A replaceable replacement module can be installed in one of the housing surfaces that define the process space, and this replacement module is equipped by a function-specific processing device. The replacement module may have a gate device for loading and / or unloading the product element or product in addition to the processing device. It is possible that similar processing devices in terms of function are arranged in cascades that are offset from each other.

The first containment is connected to the containment aisle together with another containment in the production line. Each bottom space, and each process space, may have task-specific equipment with robots, operating mechanisms and / or processing equipment and / or transport stations and / or reservoirs. The swivel region of at least one operating mechanism in at least one robot extends beyond at least one of the vertical planes of the process space at a horizontal level.

Inside the containment aisle, the first containment has a first transport port to the process space for the supply of product elements as a container systematically set in the tray according to the sorting rack. Thus, the classified containers can be captured by the operating mechanism of the first robot and brought closer to the first processing device for the execution of the first production step. The first containment has a second transport port or is intended to transfer the product elements thus machined into the process space of the next containment, the next production step by another robot and another processing device. Open to the next containment for execution. The final containment of the containment corridor has an internally installed final robot and final processing equipment and is specified for complete production step execution. This final containment has a second transport port through which the finished product is fed.
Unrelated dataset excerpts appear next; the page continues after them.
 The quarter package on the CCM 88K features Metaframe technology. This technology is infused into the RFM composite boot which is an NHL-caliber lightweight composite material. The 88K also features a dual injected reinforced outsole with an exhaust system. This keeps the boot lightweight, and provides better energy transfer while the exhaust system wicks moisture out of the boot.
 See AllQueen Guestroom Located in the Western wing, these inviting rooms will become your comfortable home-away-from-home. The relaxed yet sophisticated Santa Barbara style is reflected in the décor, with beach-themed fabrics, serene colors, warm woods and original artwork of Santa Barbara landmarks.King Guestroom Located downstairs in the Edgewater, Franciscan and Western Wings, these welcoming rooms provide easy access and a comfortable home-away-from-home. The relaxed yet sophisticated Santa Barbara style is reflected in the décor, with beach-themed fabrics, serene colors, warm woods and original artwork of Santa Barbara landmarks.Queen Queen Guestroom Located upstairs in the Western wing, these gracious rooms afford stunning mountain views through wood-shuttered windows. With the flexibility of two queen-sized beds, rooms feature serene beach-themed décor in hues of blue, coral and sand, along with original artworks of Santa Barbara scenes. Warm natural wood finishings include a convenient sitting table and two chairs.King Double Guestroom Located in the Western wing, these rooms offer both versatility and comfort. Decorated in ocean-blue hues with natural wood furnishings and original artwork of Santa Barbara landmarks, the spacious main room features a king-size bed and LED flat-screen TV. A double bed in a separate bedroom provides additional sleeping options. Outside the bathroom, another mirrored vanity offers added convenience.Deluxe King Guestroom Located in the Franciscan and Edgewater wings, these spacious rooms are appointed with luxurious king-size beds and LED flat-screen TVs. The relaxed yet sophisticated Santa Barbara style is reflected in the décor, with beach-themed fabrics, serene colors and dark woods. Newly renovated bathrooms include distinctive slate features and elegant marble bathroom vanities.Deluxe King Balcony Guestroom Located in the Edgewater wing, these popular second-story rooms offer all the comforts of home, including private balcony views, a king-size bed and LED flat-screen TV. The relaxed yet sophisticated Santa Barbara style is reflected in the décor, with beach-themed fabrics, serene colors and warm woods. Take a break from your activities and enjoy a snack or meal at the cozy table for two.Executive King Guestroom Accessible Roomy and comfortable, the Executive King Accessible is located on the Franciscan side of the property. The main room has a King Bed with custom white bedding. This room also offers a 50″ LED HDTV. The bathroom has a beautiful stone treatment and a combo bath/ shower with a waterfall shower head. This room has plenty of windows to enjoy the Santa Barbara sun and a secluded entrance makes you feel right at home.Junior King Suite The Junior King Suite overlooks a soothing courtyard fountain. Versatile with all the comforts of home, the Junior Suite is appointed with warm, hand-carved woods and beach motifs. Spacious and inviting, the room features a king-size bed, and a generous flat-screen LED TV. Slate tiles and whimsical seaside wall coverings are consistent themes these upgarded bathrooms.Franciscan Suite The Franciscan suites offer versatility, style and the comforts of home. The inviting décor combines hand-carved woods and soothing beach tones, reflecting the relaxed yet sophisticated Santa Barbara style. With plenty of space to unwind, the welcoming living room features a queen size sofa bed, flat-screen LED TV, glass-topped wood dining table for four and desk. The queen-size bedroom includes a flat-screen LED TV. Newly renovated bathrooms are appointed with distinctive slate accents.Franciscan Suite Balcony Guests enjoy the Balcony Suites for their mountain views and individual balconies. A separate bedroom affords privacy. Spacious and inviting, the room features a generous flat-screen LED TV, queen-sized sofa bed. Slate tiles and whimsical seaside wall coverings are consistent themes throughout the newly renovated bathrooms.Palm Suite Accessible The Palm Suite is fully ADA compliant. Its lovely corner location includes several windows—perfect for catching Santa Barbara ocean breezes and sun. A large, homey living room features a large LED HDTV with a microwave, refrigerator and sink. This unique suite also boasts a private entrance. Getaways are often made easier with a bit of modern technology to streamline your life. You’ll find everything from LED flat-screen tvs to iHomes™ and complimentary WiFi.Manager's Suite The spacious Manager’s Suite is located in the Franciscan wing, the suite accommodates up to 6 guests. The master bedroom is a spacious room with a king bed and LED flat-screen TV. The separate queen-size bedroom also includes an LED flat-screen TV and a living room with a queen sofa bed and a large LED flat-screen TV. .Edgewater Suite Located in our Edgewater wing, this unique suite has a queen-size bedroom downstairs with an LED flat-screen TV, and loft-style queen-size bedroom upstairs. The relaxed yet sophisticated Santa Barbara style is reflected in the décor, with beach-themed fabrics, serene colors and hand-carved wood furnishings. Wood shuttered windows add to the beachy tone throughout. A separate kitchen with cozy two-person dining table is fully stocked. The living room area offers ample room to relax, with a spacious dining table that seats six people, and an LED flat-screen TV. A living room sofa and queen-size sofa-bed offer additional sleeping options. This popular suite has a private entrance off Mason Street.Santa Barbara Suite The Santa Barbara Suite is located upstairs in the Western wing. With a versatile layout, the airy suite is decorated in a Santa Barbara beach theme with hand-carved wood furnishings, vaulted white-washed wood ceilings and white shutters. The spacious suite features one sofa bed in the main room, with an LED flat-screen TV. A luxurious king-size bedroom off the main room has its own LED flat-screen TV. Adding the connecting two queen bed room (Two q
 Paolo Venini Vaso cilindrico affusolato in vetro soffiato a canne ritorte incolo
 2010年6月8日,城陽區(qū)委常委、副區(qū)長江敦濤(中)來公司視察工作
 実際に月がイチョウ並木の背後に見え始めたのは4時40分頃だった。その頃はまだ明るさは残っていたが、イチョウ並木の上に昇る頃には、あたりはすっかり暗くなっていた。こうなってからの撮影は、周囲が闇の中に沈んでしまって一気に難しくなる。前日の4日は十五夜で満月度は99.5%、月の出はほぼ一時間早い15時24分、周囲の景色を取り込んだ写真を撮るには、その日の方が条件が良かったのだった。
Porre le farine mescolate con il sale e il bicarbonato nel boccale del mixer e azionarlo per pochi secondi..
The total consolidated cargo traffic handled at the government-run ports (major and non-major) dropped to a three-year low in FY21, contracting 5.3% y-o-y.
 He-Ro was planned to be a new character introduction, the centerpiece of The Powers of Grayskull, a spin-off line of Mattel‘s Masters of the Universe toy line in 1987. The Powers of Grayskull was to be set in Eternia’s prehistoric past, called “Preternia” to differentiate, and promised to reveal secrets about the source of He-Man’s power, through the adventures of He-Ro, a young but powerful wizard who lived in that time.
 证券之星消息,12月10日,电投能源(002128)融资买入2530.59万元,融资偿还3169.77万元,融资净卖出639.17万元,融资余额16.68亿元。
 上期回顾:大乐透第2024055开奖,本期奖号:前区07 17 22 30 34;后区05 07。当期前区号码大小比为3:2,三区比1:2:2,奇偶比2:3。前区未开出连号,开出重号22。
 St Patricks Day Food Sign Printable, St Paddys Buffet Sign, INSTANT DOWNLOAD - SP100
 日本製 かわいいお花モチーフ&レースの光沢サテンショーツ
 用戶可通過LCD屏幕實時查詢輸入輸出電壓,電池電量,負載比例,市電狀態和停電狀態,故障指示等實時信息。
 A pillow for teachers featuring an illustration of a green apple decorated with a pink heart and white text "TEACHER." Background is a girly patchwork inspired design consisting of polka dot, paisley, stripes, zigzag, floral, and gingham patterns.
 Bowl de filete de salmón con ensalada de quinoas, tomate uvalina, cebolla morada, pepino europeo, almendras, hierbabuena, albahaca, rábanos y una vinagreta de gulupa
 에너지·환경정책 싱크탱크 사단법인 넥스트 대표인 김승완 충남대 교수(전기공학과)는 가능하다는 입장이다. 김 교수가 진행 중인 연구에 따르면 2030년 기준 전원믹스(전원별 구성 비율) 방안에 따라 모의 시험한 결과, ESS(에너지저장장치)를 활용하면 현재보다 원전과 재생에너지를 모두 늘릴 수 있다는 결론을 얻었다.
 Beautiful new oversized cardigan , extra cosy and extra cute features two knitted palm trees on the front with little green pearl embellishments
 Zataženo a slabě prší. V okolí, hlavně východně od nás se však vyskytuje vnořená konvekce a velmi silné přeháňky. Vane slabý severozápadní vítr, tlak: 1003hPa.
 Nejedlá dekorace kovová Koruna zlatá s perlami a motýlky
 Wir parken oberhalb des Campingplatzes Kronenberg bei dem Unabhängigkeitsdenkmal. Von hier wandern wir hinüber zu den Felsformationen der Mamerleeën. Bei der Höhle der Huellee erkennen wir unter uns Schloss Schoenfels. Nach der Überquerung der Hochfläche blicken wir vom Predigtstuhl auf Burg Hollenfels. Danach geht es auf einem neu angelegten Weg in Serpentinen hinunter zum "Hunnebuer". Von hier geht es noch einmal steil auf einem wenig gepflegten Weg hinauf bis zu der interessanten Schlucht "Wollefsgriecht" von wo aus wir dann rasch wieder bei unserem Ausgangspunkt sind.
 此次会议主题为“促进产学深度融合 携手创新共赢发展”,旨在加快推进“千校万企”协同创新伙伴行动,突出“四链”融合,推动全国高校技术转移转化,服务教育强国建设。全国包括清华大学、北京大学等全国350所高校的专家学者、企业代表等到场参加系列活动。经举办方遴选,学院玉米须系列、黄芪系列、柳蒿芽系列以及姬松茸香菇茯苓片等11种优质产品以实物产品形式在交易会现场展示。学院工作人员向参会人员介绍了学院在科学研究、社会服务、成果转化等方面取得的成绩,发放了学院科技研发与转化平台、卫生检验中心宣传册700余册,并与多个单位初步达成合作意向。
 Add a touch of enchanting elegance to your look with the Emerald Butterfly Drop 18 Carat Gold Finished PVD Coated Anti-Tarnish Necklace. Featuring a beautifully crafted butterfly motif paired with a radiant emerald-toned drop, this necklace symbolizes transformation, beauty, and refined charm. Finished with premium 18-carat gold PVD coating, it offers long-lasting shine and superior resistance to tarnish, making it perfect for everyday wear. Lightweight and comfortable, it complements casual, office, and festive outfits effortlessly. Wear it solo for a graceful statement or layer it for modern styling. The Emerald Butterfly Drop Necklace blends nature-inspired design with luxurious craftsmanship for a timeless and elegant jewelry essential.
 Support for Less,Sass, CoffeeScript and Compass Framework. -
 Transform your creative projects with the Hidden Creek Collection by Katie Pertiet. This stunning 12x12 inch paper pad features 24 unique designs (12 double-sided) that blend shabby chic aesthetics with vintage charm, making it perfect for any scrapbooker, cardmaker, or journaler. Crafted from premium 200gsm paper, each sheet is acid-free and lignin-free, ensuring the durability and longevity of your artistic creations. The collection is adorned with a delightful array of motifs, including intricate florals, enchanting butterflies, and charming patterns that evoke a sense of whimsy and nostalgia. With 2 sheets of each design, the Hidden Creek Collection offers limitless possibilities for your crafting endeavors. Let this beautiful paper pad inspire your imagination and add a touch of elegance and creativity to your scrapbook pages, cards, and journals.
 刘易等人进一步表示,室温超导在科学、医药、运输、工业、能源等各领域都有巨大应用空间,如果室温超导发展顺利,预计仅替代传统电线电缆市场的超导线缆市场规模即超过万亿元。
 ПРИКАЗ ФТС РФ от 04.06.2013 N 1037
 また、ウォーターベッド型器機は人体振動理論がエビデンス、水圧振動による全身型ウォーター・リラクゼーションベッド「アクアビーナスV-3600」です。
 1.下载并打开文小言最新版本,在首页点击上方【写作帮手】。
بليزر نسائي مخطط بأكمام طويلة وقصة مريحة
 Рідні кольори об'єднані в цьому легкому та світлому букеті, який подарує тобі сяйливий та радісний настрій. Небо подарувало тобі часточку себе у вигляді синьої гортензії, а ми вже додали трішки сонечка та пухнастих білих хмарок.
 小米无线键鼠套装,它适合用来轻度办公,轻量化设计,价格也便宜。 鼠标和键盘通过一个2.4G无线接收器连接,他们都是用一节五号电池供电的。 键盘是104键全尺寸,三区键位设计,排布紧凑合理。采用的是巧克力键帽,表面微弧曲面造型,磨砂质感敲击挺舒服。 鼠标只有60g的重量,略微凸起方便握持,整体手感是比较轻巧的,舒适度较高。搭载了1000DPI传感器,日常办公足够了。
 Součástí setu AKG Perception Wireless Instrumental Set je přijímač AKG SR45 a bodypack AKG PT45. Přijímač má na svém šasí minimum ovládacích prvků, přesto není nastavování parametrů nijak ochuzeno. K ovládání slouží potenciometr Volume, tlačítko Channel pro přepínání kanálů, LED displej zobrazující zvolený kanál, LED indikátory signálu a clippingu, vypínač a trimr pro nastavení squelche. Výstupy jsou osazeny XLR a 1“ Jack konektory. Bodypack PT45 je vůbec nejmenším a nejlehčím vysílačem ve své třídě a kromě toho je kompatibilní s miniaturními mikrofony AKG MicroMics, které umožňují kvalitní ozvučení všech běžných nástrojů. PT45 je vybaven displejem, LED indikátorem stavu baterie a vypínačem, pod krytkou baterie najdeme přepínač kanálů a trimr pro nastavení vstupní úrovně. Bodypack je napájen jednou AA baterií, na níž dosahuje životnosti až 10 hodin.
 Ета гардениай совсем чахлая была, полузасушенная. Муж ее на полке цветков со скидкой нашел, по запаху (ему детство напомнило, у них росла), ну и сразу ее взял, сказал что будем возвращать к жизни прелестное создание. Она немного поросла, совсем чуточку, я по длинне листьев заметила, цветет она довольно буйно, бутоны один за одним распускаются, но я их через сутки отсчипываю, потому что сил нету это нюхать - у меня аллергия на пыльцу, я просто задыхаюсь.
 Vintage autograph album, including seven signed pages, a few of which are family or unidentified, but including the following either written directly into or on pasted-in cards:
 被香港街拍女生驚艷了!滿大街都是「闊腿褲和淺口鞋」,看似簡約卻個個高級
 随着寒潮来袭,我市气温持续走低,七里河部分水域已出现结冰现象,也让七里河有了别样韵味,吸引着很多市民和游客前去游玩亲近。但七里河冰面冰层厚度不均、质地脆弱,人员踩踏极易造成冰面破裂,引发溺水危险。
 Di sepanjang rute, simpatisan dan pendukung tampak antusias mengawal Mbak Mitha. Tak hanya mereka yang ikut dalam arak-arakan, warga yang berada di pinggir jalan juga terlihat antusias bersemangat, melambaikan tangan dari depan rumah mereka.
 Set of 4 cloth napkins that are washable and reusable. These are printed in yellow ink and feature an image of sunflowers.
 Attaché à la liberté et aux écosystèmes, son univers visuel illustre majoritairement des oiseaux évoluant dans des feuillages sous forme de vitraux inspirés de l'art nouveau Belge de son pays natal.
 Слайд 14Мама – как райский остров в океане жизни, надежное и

Classification of the position of the containment rack of the processing equipment and the position of the accommodation rack of the transfer station Even if there is an initial deviation in the position of the rack, in order to eliminate the deviation, the product elements and / of the accommodation rack of the operating mechanism. Alternatively, the sandwiching width of the plurality of sandwiching portions for sandwiching the product is formed so as to be adjustable by an adjusting mechanism according to the dimensions of the diameter or width of the product element and / or the product.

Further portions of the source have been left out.